> _Your task_:
As you print the data below, keep every line exactly as it is and leave the images behind.

[Data extract — start]

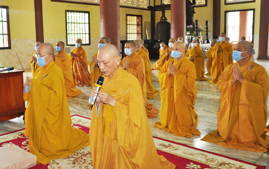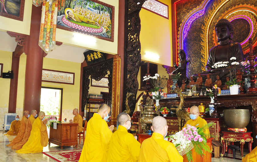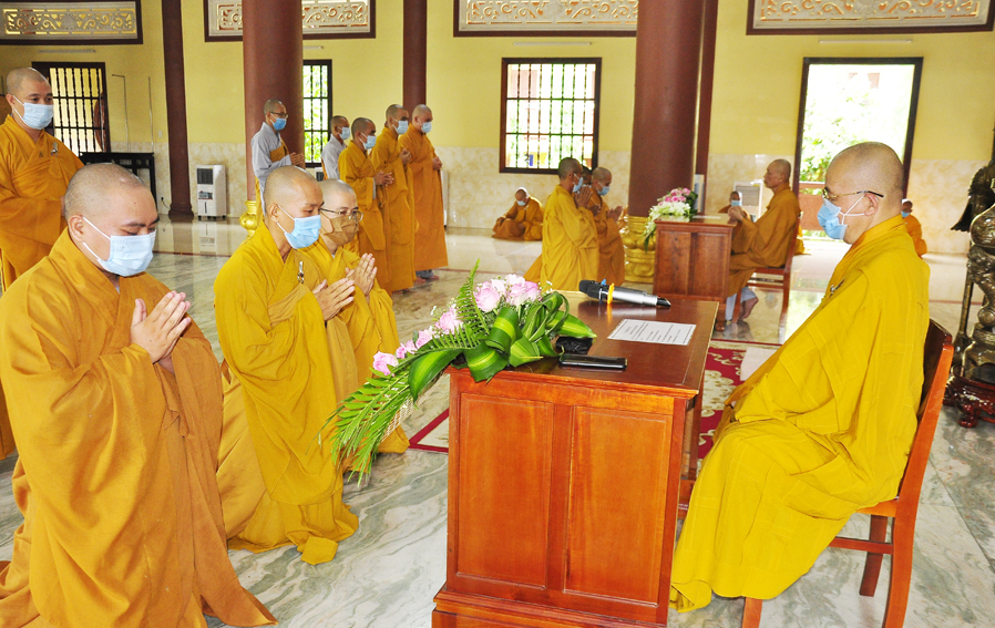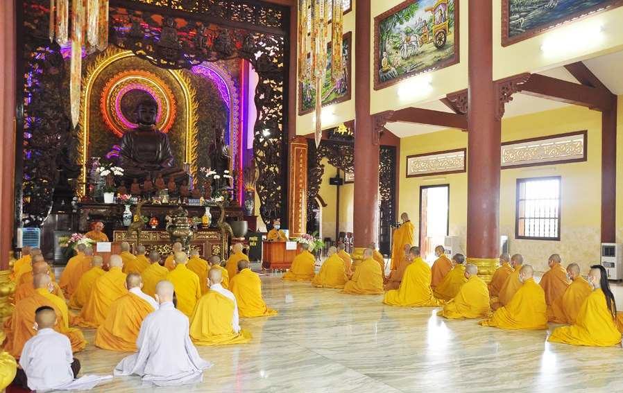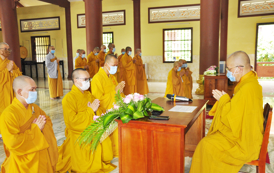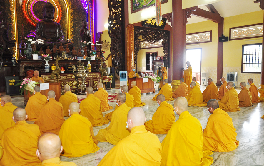 Do dịch bệnh COVID-19 diễn biến phức tạp, Lễ Tổng Khai giảng An cư Kiết hạ năm nay được tổ chức nội bộ, giới hạn số người tham dự, tuân thủ nghiêm ngặt các quy định về phòng chống dịch bệnh.
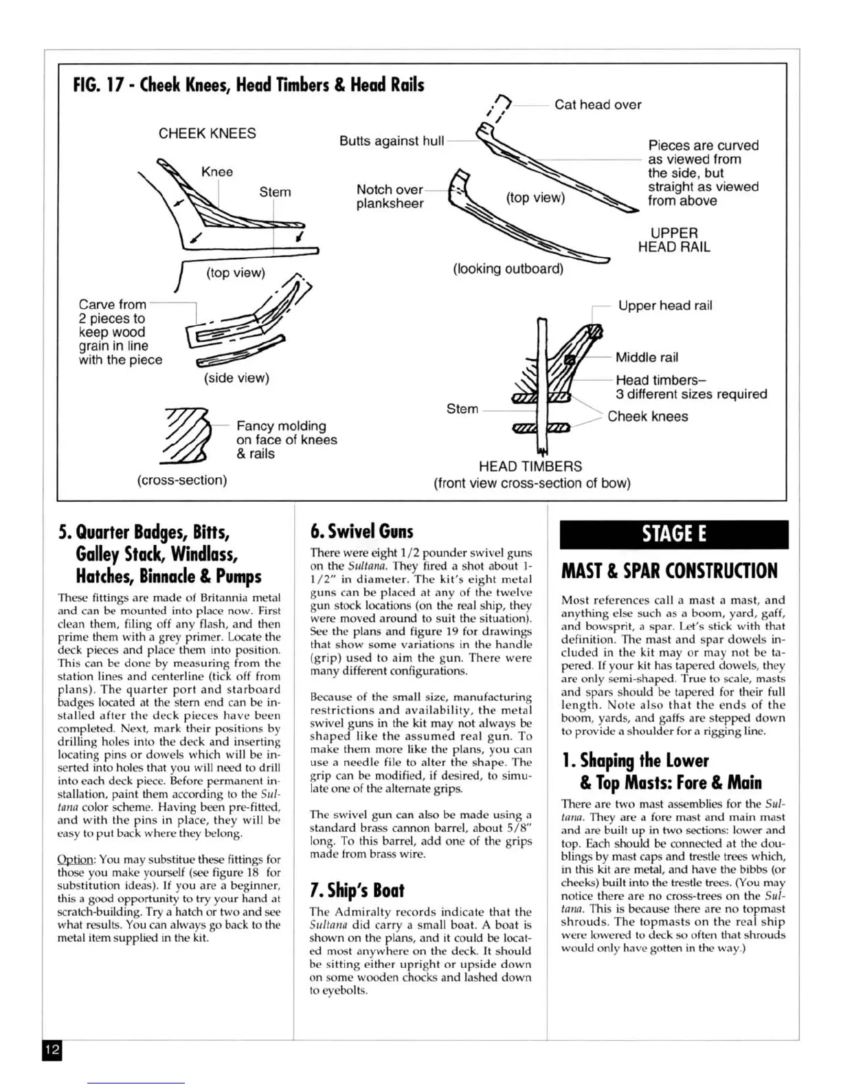 Model Shipways Sultana - Quarter Badges, Bitts, Galley Stack, Windlass, Hatches, Binnacle & Pumps; Swivel Guns; Ships Boat; Stage E: Mast & Spar Construction
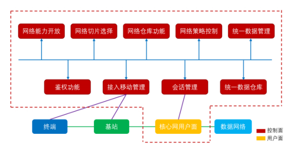 核心网是移动通信网的控制中枢,负责对移动通信网络的管理和控制。核心网包括管理数据信令的控制面和管理用户业务数据的用户面,是一系列控制管理设备的统称。5G核心网架构走向扁平化,控制面和用户面的功能分离使得5G网络在控制面实现集中部署、集中管控、优化重组,在用户面实现功能简化、灵活部署、高效转发。
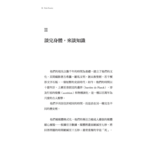 我原本是學院的史學研究者,如今成為了一名外交官;在世界的另一端,代表著法國,代表法國的藝術家、學者及科學家們。打我從事這個新的職業起,就竭盡所能的拼:促進聯繫、建立合作、籌劃及鼓勵。而在這十到十五年間,種種新的通訊工具改變了這個職業:眼睛盯著螢幕、指頭滑在手機,我加速時間,我縮短距離,我讓點子、聯絡、創意都數以倍計 – 我,還有我的合作對象、我的工作伙伴、連我的家人都一樣,都被做(Faire)的眩目迷離給捲了進去。但其實,那我還算是知識分子的過往,只在不久以前……那時我花時間去思考。閱讀許多書籍的時間。那時我會對一個思想追根究柢,而不是撲撈那些一閃而逝的點子。

[Data extract — finish]

> _Reply_:
 Do dịch bệnh COVID-19 diễn biến phức tạp, Lễ Tổng Khai giảng An cư Kiết hạ năm nay được tổ chức nội bộ, giới hạn số người tham dự, tuân thủ nghiêm ngặt các quy định về phòng chống dịch bệnh.
 Model Shipways Sultana - Quarter Badges, Bitts, Galley Stack, Windlass, Hatches, Binnacle & Pumps; Swivel Guns; Ships Boat; Stage E: Mast & Spar Construction
 核心网是移动通信网的控制中枢,负责对移动通信网络的管理和控制。核心网包括管理数据信令的控制面和管理用户业务数据的用户面,是一系列控制管理设备的统称。5G核心网架构走向扁平化,控制面和用户面的功能分离使得5G网络在控制面实现集中部署、集中管控、优化重组,在用户面实现功能简化、灵活部署、高效转发。
 我原本是學院的史學研究者,如今成為了一名外交官;在世界的另一端,代表著法國,代表法國的藝術家、學者及科學家們。打我從事這個新的職業起,就竭盡所能的拼:促進聯繫、建立合作、籌劃及鼓勵。而在這十到十五年間,種種新的通訊工具改變了這個職業:眼睛盯著螢幕、指頭滑在手機,我加速時間,我縮短距離,我讓點子、聯絡、創意都數以倍計 – 我,還有我的合作對象、我的工作伙伴、連我的家人都一樣,都被做(Faire)的眩目迷離給捲了進去。但其實,那我還算是知識分子的過往,只在不久以前……那時我花時間去思考。閱讀許多書籍的時間。那時我會對一個思想追根究柢,而不是撲撈那些一閃而逝的點子。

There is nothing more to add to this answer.